EFFETS SECONDAIRES. D’après les données scientifiques disponibles, les effets secondaires seraient mineurs lors du fonctionnement normal de l’appareil (maux de tête, nausées…), à condition que la séance soit bien contrôlée. Ce qui n’est pas le cas ici. Tim Cannon a, bien sûr, essayé de pousser le courant à 6 mA.

« C’était comme si mon cerveau se déplaçait ! » s’amuse le jeune homme qui admet que l’approche du groupe est empirique : « Notre but n’est pas de publier, mais de faire fonctionner nos inventions pour le bien de l’humain, sans nous prendre pour une élite de surhommes. Notre priorité est de partager nos découvertes. Tout est en “open source” sur notre site », ajoute Shawn Sarver.

La nuit est tombée. Dans la semi-obscurité, les membres du groupe, tous fans de science-fiction et de superhéros, rêvent. Olivia aimerait voler, Schawn pouvoir soulever une tonne grâce à un bras bionique, Tim et Lucas ne plus avoir de besoins physiologiques et Ray télécharger des informations directement dans son cerveau depuis son ordinateur.

Est-ce l’avenir ? « Oui », selon Cyril Fiévet, qui estime que le xxie siècle et les suivants seront marqués par notre aptitude à nous modifier en intégrant des composants et technologies divers. Il s’agit d’une étape majeure de notre évolution. « Non », selon le philosophe Jean-Michel Besnier, qui n’y voit, lui, aucune fatalité. Nous ne sommes pas condamnés à devenir posthumains à condition qu’une prise de conscience massive survienne. « La fascination pour les techniques est le revers d’une mésestime de soi et de l’humanité, affirme-t-il. On ne supporte plus la vieillesse, la maladie et la mort, et surtout pas le hasard de la naissance. Se réconcilier avec notre finitude, accepter nos faiblesses…, c’est le prérequis pour sauver l’humanité. » Il prône, entre autres, d’accorder de l’importance aux avis des comités d’éthique, incontournables. Fi de toutes ces réflexions à Oakdale ! « J’imagine un futur avec plein de cyborgs différents, conclut Lucas Dimoveo, où chacun se rêverait comme il le veut. »

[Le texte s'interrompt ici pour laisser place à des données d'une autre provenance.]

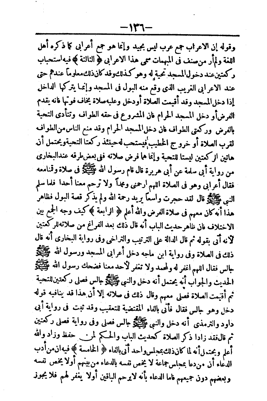 {الثَّالِثَةُ} فِيهِ اسْتِحْبَابُ رَكْعَتَيْنِ عِنْدَ دُخُولِ الْمَسْجِدِ تَحِيَّةً لَهُ، وَهُوَ كَذَلِكَ، وَقَدْ كَانَ ذَلِكَ مَعْلُومًا عِنْدَهُمْ حَتَّى عِنْدَ الْأَعْرَابِيِّ الْغَرِيبِ الَّذِي وَقَعَ مِنْهُ الْبَوْلُ فِي الْمَسْجِدِ، وَإِنَّمَا يَتْرُكُهَا الدَّاخِلُ إذَا دَخَلَ الْمَسْجِدَ، وَقَدْ أُقِيمَتْ الصَّلَاةُ أَوْ دَخَلَ وَعَلَيْهِ صَلَاةٌ يَخَافُ فَوْتَهَا، فَإِنَّهُ يُقَدِّمُ الْفَرْضَ أَوْ دَخَلَ الْمَسْجِدَ الْحَرَامَ، فَإِنَّ الْمَشْرُوعَ فِي حَقِّهِ الطَّوَافُ وَتَتَأَدَّى التَّحِيَّةُ بِالْفَرْضِ وَرَكْعَتَيْ الطَّوَافِ، فَإِنْ دَخَلَ الْمَسْجِدَ الْحَرَامَ، وَقَدْ مَنَعَ النَّاسَ مِنْ الطَّوَافِ لِقُرْبِ الصَّلَاةِ أَوْ خُرُوجِ الْخَطِيبِ فَيُسْتَحَبُّ لَهُ حِينَئِذٍ رَكْعَتَا التَّحِيَّةِ وَيُحْتَمَلُ أَنَّ هَاتَيْنِ الرَّكْعَتَيْنِ لَيْسَتَا لِلتَّحِيَّةِ، وَإِنَّمَا هُمَا فَرْضُ صَلَاتِهِ فَفِي بَعْضِ طُرُقِهِ عِنْدَ الْبُخَارِيِّ مِنْ رِوَايَةِ أَبِي سَلَمَةَ عَنْ أَبِي هُرَيْرَةَ قَالَ «قَامَ رَسُولُ اللَّهِ - صَلَّى اللَّهُ عَلَيْهِ وَسَلَّمَ - فِي صَلَاةٍ وَقُمْنَا مَعَهُ فَقَالَ أَعْرَابِيٌّ، وَهُوَ فِي الصَّلَاةِ: اللَّهُمَّ ارْحَمْنِي وَمُحَمَّدًا وَلَا تَرْحَمْ مَعَنَا أَحَدًا فَلَمَّا سَلَّمَ النَّبِيُّ - صَلَّى اللَّهُ عَلَيْهِ وَسَلَّمَ - قَالَ: لَقَدْ حَجَّرْت وَاسِعًا» يُرِيدُ رَحْمَةَ اللَّهِ وَلَمْ يَذْكُرْ قِصَّةَ الْبَوْلِ فَظَاهِرُ هَذَا أَنَّهُ كَانَ مَعَهُمْ فِي صَلَاةِ الْفَرْضِ وَاَللَّهُ أَعْلَمُ.

CYBORG. Contraction de « cybernetic organism ». Désigne un organisme composé de matière organiques et de circuits intégrés. PUCE RFID. Comme Radio Frequency Identification. Un dispositif d’identification par radiofréquence. PH SANGUIN. Le pH du sang se situe entre 7,35 et 7,45. Lorsqu’il descend en dessous de 7,35, il y a une « acidose ».